From the University of South Carolina Digital Library.

Piedmont & Northern Railway

Anderson Traction Company 1905 - 1910

The Anderson Traction Company, owned by James B. Duke of the Southern Power Company, was an electric interurban streetcar line between Anderson, SC and Belton, SC with connections to different cotton mill around Anderson. Operation started in 1905 and electricity was provided by the Anderson Water, Light & Power Company's Portman Shoals Hydroelectric Plant and municipal steam power plant. In 1906, additional electricity was provided by the Savannah River Power Company's Gregg Shoals Hydroelectric Plant.

Greenville, Spartanburg & Anderson Railway 1910 - 1914

In 1910, James B. Duke established the Greenville, Spartanburg & Anderson Railway which had plans to run an electric railroad from Anderson, SC to Spartanburg, SC via Belton and Greenville using the Anderson Traction Co. rails and right of way from Anderson to Greenville. The main source of electricity was provided by the Southern Power Company. In 1912, railroad construction reached Pelzer, where two connections were made with the Lower and Upper Mill spurs owed by Southern Railway. The Pelzer P & N depot was completed in 1912 in Piedmont & Northern style and architecture.

The idea of an electric railway linking cities and mill town in Piedmont Carolinas was proposed in 1909 by William States Lee of the Southern Power Company. Starting in 1910, multiple interurban lines were constructed throughout the piedmont Carolinas. The Piedmont Traction Company, also owned by James B. Duke, bought a variety of interurban railroads in North Carolina in cities such as Charlotte and Gastonia. In 1911, the Greenville, Spartanburg & Anderson Railway would start to build the South Carolina portion of the P & N, the two companies would merge after finishing the railroads in both North and South Carolina. An extension from Belton, SC to Greenwood, SC was completed in 1912 and final completion in 1914.
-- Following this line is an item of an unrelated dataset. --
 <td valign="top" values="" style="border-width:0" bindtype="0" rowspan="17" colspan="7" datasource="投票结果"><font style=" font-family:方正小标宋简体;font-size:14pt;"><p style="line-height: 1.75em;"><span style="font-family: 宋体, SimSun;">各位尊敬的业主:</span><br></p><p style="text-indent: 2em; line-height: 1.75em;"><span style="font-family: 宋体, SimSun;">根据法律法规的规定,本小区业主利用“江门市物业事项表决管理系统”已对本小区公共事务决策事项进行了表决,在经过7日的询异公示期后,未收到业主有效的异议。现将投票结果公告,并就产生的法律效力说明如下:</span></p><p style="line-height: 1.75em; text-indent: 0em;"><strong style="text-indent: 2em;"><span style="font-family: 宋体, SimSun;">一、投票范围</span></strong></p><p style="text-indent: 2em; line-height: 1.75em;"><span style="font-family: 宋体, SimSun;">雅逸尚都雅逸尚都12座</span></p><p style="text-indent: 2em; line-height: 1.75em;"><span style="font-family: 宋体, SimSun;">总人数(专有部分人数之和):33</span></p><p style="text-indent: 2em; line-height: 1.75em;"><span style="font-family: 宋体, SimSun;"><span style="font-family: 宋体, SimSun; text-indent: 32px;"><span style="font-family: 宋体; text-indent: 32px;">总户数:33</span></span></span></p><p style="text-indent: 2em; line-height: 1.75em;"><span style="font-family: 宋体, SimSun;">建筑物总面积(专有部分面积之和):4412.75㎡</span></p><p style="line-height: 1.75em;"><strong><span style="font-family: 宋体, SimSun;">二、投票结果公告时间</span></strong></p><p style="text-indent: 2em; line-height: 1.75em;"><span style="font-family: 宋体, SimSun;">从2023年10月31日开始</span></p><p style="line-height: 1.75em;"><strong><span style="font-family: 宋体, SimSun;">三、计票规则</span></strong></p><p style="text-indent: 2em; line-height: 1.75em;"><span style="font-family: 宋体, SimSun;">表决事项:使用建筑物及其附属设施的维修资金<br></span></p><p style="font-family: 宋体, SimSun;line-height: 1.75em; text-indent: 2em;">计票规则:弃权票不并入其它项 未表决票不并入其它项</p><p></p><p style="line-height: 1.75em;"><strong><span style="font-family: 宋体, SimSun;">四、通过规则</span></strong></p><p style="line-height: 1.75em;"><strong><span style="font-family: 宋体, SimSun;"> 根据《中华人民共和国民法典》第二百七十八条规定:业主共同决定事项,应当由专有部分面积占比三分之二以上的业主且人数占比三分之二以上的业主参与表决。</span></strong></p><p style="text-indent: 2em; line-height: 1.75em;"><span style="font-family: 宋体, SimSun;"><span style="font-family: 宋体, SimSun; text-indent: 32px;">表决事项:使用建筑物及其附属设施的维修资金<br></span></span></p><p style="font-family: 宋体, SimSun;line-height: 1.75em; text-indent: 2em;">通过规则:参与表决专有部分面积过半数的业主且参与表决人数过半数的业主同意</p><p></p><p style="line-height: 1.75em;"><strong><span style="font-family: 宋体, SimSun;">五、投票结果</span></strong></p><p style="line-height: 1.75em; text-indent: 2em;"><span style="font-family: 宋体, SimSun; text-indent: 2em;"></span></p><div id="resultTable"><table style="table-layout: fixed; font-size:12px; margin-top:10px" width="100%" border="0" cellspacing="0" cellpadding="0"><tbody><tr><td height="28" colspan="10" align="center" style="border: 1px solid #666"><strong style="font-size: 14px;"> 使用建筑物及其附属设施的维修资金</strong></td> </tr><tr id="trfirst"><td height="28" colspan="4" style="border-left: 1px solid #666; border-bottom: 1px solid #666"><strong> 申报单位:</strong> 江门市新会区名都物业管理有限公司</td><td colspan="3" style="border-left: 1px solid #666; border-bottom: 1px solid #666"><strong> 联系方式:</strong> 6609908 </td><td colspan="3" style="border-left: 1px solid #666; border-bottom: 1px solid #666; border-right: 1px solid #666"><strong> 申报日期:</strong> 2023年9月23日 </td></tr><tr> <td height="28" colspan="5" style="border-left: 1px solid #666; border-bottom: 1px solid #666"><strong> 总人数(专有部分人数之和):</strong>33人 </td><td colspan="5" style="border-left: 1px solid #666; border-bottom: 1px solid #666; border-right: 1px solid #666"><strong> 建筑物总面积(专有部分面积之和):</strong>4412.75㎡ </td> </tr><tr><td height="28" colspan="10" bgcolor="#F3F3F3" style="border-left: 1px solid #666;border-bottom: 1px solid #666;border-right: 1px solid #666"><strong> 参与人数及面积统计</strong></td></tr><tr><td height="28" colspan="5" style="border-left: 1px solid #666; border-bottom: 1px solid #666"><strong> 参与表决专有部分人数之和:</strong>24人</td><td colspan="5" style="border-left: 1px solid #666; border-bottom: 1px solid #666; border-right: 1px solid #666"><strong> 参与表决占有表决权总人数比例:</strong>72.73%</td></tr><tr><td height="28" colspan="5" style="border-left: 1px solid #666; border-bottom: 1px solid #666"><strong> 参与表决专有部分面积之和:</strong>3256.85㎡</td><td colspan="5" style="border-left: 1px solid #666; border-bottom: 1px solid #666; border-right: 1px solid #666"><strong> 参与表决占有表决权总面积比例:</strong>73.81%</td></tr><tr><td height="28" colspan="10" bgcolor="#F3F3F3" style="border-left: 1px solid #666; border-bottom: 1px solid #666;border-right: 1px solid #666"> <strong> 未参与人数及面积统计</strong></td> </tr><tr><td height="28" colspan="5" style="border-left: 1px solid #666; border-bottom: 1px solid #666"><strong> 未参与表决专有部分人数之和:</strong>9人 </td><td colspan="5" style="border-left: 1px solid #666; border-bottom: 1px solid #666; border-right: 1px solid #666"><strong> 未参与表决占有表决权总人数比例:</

After completion of the Greenville, Spartanburg & Anderson Railway (the South Carolina division), the company merged into the Piedmont Traction Company (the North Carolina division) to form the Piedmont & Northern Railway.

Piedmont & Northern Railway (Electric) 1914 - 1954

The Piedmont & Northern Railway's main purpose was to serve Southern industries, mainly the textile industry. The Southern Power Company's transmission lines extended from hydroelectric power plants across Upstate South Carolina and North Carolina, powering cotton mills in many Piedmont Carolina cities.
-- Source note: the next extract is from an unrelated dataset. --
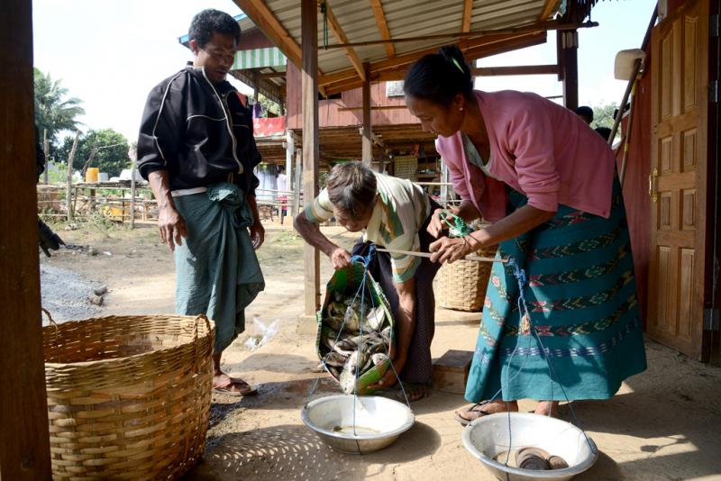 Than Min Aung's mother is helping him to weigh the fishes on scale to be ready to sell in the market.

With over 128 miles of P & N electrified rail, several of the Piedmont Carolina's major cities and mill towns served by the Southern Power Company were linked together. In the rural regions, the P & N paralleled the their most difficult competitor, Southern Railway, in sections of North and South Carolina. Over the next 40 years, the P & N Rwy battled with Southern Railway over various problems. Around cities, the P & N formed junctions and connections with several major railroad companies and interurban streetcar lines. Railroads such as the, Southern Railway, Atlantic Coast Line Railroad, Charleston & Western Carolina, etc, serviced the mills and were huge competition to the newly constructed P & N Rwy. To reduce competition and ensure cotton mill companies would transport their freight using the P & N Rwy, mill owners and their companies were asked to become directors and investors of the railroad company.

Electricity was provided by the Southern Power Co., energizing the electric railway lines at 1500 volts DC. Multiple substations were built along the railroad where 44kV was converted into 1.5kV through a 'rotary converter'. The 1.5kV lines ran above the rail on catenary support poles.

In 1916, a three mile branch to Belmont, NC was completed and in the 1920s - 1930s, Southern Railway legally blocked an extension to connect the Northern and Southern divisions between North and South Carolina along with a branch to Winston-Salem, NC. Starting in 1950, the P & N slowly went from electric to diesel locomotives completing 'dieselization' in 1954 when the catenary poles were removed and remaining electric locomotives sold or scrapped. The Lee Steam Station was completed downstream from the Lower Dam in 1951 with a non-electric branch from the P & N Rwy.

Piedmont & Northern Railway (Diesel) 1954 - 1969

Since the switch from an electric railroad to a diesel railroad, passenger service ended in 1951 along the P & N Rwy. The Duke Power Company's (Southern Power Co. renamed in 1927) Lake Norman in North Carolina was under construction in the early to mid 1960s. A branch from Mt. Holly, NC to the Lake Norman Power Plant was completed to transport coal.

In 1969, the Piedmont & Northern Railway was acquired by the Seaboard Coast Line.

Seaboard Coast Line (Seaboard System Railroad) 1969 - 1986

From 1969 to 1986, the former Piedmont & Northern Railway formed part of the Seaboard Coast Line's (later renamed the Seaboard System Railroad) railway system. Pelzer's old P & N depot became the SCL station. Since the 1970s, the Pelzer depot had an SCL sign on its exterior wall until around 1986 when the Seaboard System Railroad merged with CSX Transportation.

CSX Transportation 1986 - Present

The Seaboard System Railroad merged into CSX Transportation in 1986 giving CSX the old P & N Railway lines. From Greenwood to Honea Path, the track was abandoned and removed in the 1990s. The present CSX (ex P & N Rwy) railroad in Pelzer has serviced the Lee Steam Station since 1951.

Piedmont & Northern Depot

Pelzer's P & N depot was built in 1912 in tradition P & N Rwy architecture near the Lower Mill. P & N Rwy buildings used white and red brick walls with terra-cotta tile roofing. The depot served as a passenger and freight station until abandonment. Clemson University had interest in restoring the depot until the economy went under. After years of neglect the building burned down on January 26th 2011.





From the University of South Carolina Digital Library.